Więc jeśli serial zyskuje ekstremalną popularność, tak jak zrobił to Wiedźmin, to stwierdzenie że "jest słabo" jest po prostu idiotyczne. Miliony ludzi oglądają, średnie oceny publiczności na różnych portalach są bardzo wysokie, więc czemu niby ma "być słabo".
Pominę fakt że pod względem pracy kamery czy montażu wiele serialowi zarzucić nie można, chwilami wręcz ociera się o geniusz (choć nie mówię że serial nie ma wad w innych kwestiach).
Pewno będę widział go w wyśmiewających memach, bo kolejne sezony sobie na szczęście mogę odpuścić po fatalnym (w moim odczuciu) pierwszym.
Wszystko będzie pewne robione pod grę, bo tylko odbiorcom gry serial się podobał.
Bredzisz.

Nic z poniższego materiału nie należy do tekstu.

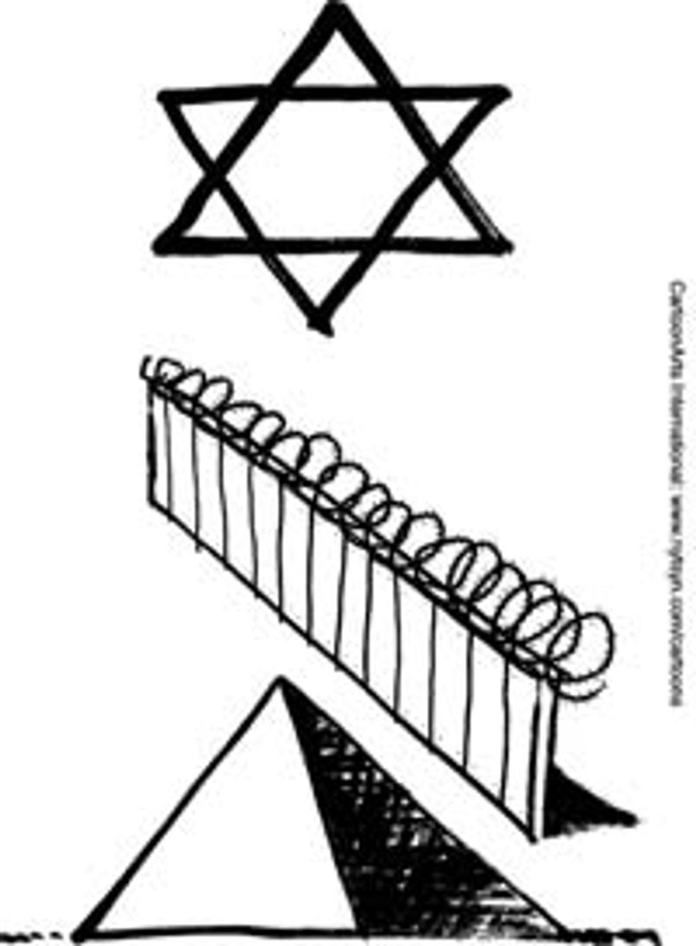 Say, I'll bet our friends "Down Under" (i.e., the descendants of the dregs of Britain's 19th century prisons) have some cogent things to say about the Israeli-Palestinian conflict, in cartoons drawn when they were not at all drunk! See, the caption on this cartoon reads "Israel Builds Wall," and, uh, it's sort of a rebus, I guess! There's the Star of David, which is Israel, and then there's a wall, which is the wall, and then there's a pyramid, which represents "building," because in order to have a pyramid, you have to build it, see. They don't just grow out of the ground, you know! Don't trust those guys who who try to sell you a brick and tell you that it's a "pyramid seed"! It's a scam! Anyway, from the arrangement of these semantic components, we can tell that whatever language they speak in Australia generally has a Subject-Object-Verb word order, and that their writing system is a crude series of ideograms of various levels of abstraction. Also, we learn that the Australians don't keep up with the news much, since the wall in the West Bank has been in progress for something like eight or nine years now.

Rozumiem że wypowiadasz się za wszystkich. Ciekawe kto ci dał takie prawo.
No fajnie, ale komentarze twoich znajomych oraz użytkowników gola nie są żadnym wyznacznikiem.
Ilu odbiorców tyle opinii.
Ja osobiście ograłem wszystkie części gry, a książki czytałem będąc nastolatkiem.
Serial natomiast bardzo mi się podobał i jedyne co mnie mocno zirytowało to chronologia przedstawionych wydarzeń - jako osoba jako tako znająca książki (minęło sporo wiosen...) ledwie to ogarnąłem, ale nie zazdroszczę osobom nieznających oryginalnej literatury.
Myślę, że fakt, iż książki czytałem dawno temu również wpłynął na mój pozytywny odbiór serialu :)
PRZYPOMINAM iż serial jest adaptacją, a nie ekranizacją i materiał źródłowy nie musi być przełożony w 100% :)
Fakt, chyba w momencie wymieniania różnych stworów przez kogoś ale nie pojawiał się ofiejcalnie.. ehh ostatnio przeczytałem całość przy premierze W2, więc chyba czas powtórzyć całość :)
(: Tak, tutaj parę cytatów się znalazło:
https://wiedzmin.fandom.com/wiki/Leszy/Opisy_z_ksi%C4%85%C5%BCek_i_gier
Potwory byly akurat spoko, nawet ten nieszczesny smok zloty, ktory po smokach z got wygladal jak lysy kurczak. Mnie najbardziej z kwesti wizualnych przeszkadzala sterylnosc planu, zadnych detali, tlo puste jak teatralne deski.
„ Jakiego przeciwnika z gier chętnie zobaczylibyście na ekranie?
Z dzikiego gonu na pewno bies, te cmentarne baby i poroniec. No chyba, że są w serialu, bo nie oglądam. Leszy tez jest dobry, bo w grze robił dobrą atmosferę podczas przechadzki po lesie. Książek o wiedźminie nie czytałem ale bestiariusz w grach jest naprawdę dobry.
"Lepszy leszy w garści niż kikimora na dachu"- stare powiedzenie wiedźmińskie.